• WORK INSTRUCTIONS: Where a picture appears in the data below, exclude it; restate everything else word for word.

• DATASET EXCERPT:

┌──

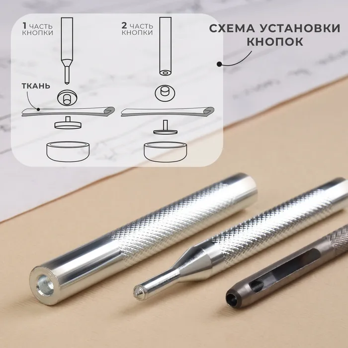Набор инструментов для ручной установки S-образных кнопок, с колодцем, №655, d=10 мм — Характеристики
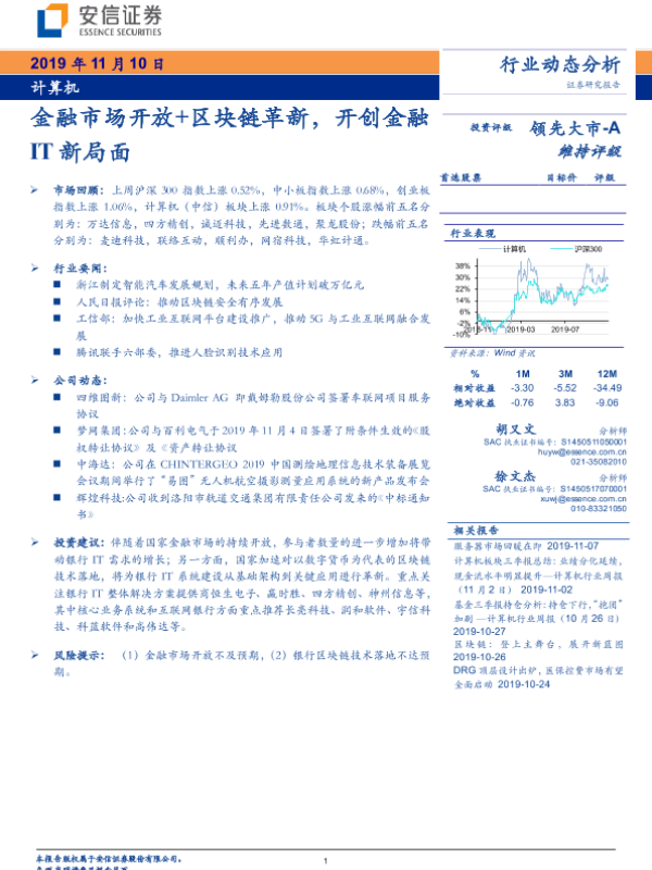 【安信证券】【20191110】计算机行业动态分析:金融市场开放+区块链革新,开创金融IT新局面-20页 行业研究
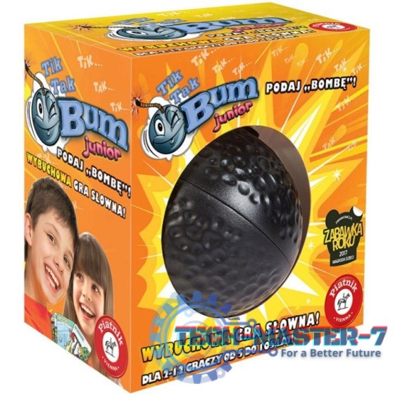 Tik Tak Bum Junior Gra Podróżna składa się ze 50 dwustronnych kart z hasłami i obrazkami przedstawiającymi różne miejsca i sytuacje oraz wybuchającej bomby! Uruchomiona bomba może wybuchnąć w losowym momencie może tykać minutę, 30 sekund lub tylko 10! Bomba potrzebuje dwie baterie AAA 1,5 V (nie są załączone), by po wciśnięciu zapalnika zaczęła tykać.
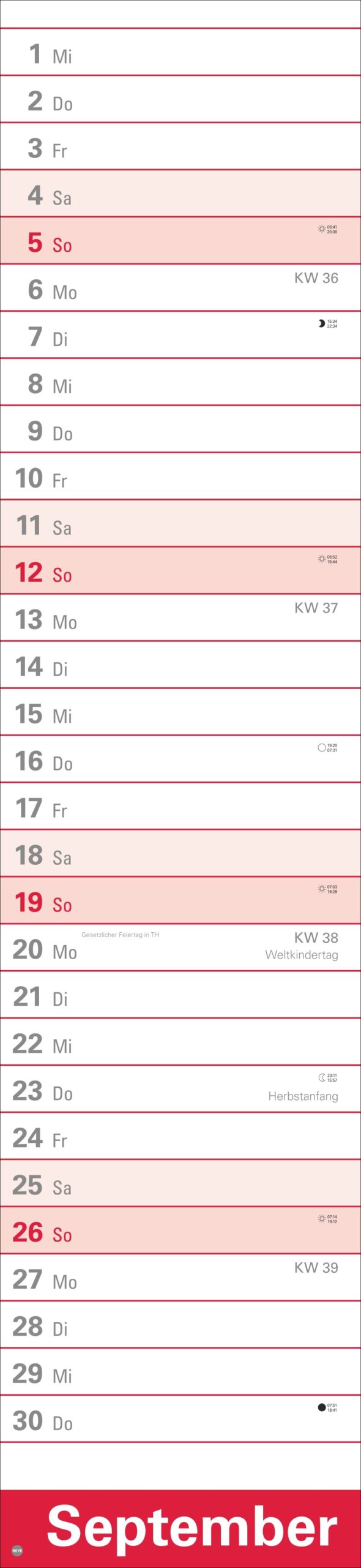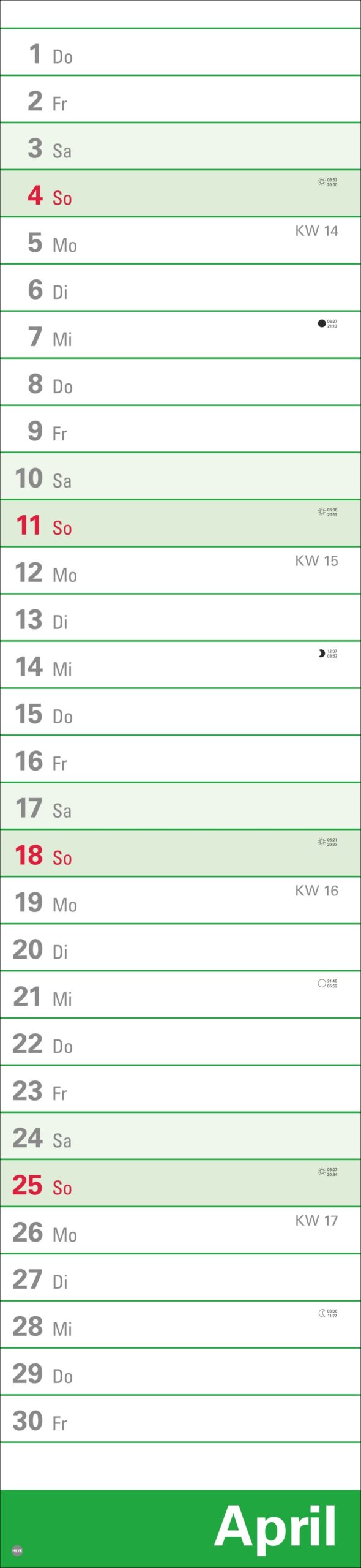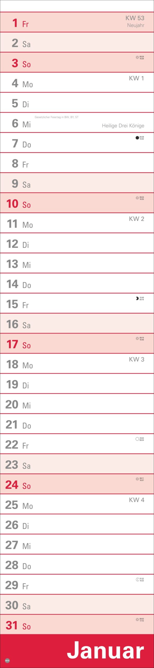 - 16 x 70 cm sind viel Raum für Terminübersicht, wichtige Daten und vorausschauende Planung

└──

• ANSWER AREA:
Набор инструментов для ручной установки S-образных кнопок, с колодцем, №655, d=10 мм — Характеристики
 【安信证券】【20191110】计算机行业动态分析:金融市场开放+区块链革新,开创金融IT新局面-20页 行业研究
 Tik Tak Bum Junior Gra Podróżna składa się ze 50 dwustronnych kart z hasłami i obrazkami przedstawiającymi różne miejsca i sytuacje oraz wybuchającej bomby! Uruchomiona bomba może wybuchnąć w losowym momencie może tykać minutę, 30 sekund lub tylko 10! Bomba potrzebuje dwie baterie AAA 1,5 V (nie są załączone), by po wciśnięciu zapalnika zaczęła tykać.
 - 16 x 70 cm sind viel Raum für Terminübersicht, wichtige Daten und vorausschauende Planung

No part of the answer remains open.